Hacker News new | past | comments | ask | show | jobs | submit login
Portrait of a Noob (steve-yegge.blogspot.com)
77 points by ptn on Dec 22, 2009 | hide | past | favorite | 41 comments



I read this a while back and i still remember the takeaway point from it :

"It's denser: there's less whitespace and far less commenting. Most of the commenting is in the form of doc-comments for automated API-doc extraction"

This is right on the button. I prefer writing/reading an overall README.txt which says concisely what that module/package etc. is supposed to do and doc-comments where appropriate when something is not obvious. Anything else and i automatically start seeing that as noise filtering it as i go along. The worst are the obvious and/or the outdated ones.


There's a big difference between "what"/"how" and "why" comments. "This increments a variable" is a stupid comment because the code already says it, but a note such as "I'm using this particular data structure/algorithm/etc. because ..., even though ... seems like a better choice" can speak volumes. It's hard to make code itself clearly convey intent (careful naming is the main way), and it's the first thing to get buried by verbose code.
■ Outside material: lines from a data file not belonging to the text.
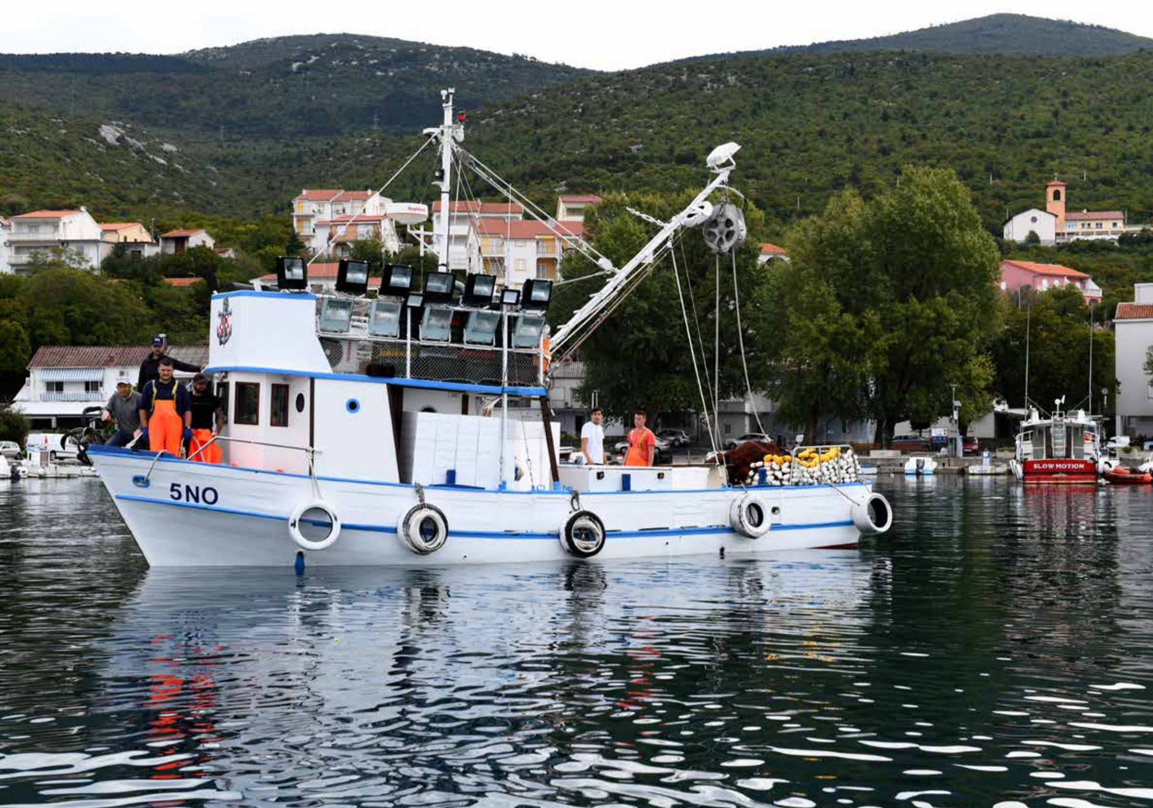
(posada broda "Sipar" pri povratku s ribarenja)
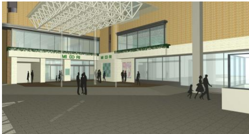
既存駅ビルエントランス部
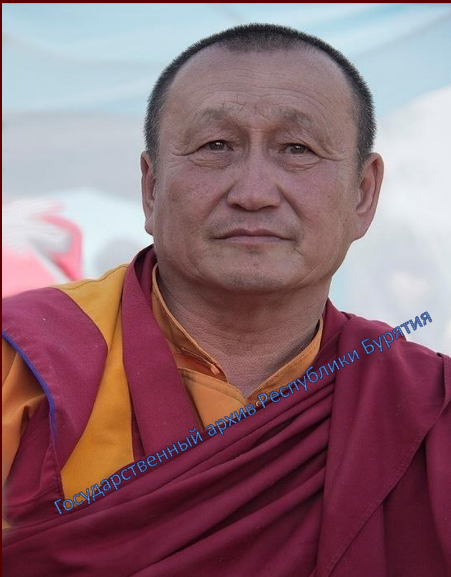
XXIV Пандито Хамбо лама Дамба Аюшеев.

Родился 1 сентября 1962 г., с. Шергольджин Красночико́йского района Читинской области. В 1980 году окончил Петровск-Забайкальское педагогическое училище. В 1983 году поступил в Буддийский университет им. Дзанабадзара в г. Улан-Баторе, окончил в 1988 г., работал эмчи-ламой в Иволгинском дацане.

If you have documentation about the design of the system and write reasonably clear code, you can document sparsely. (Having fewer comments also gives those present added emphasis.) As with most engineering, it's more about trade-offs than hard-and-fast rules, though.


Yup , that was my point on the "doc-comments where appropriate". Overall design of the system can/should be expressed with a good,well-written README.txt. I know UML is "supposed" to solve that problem but not for me.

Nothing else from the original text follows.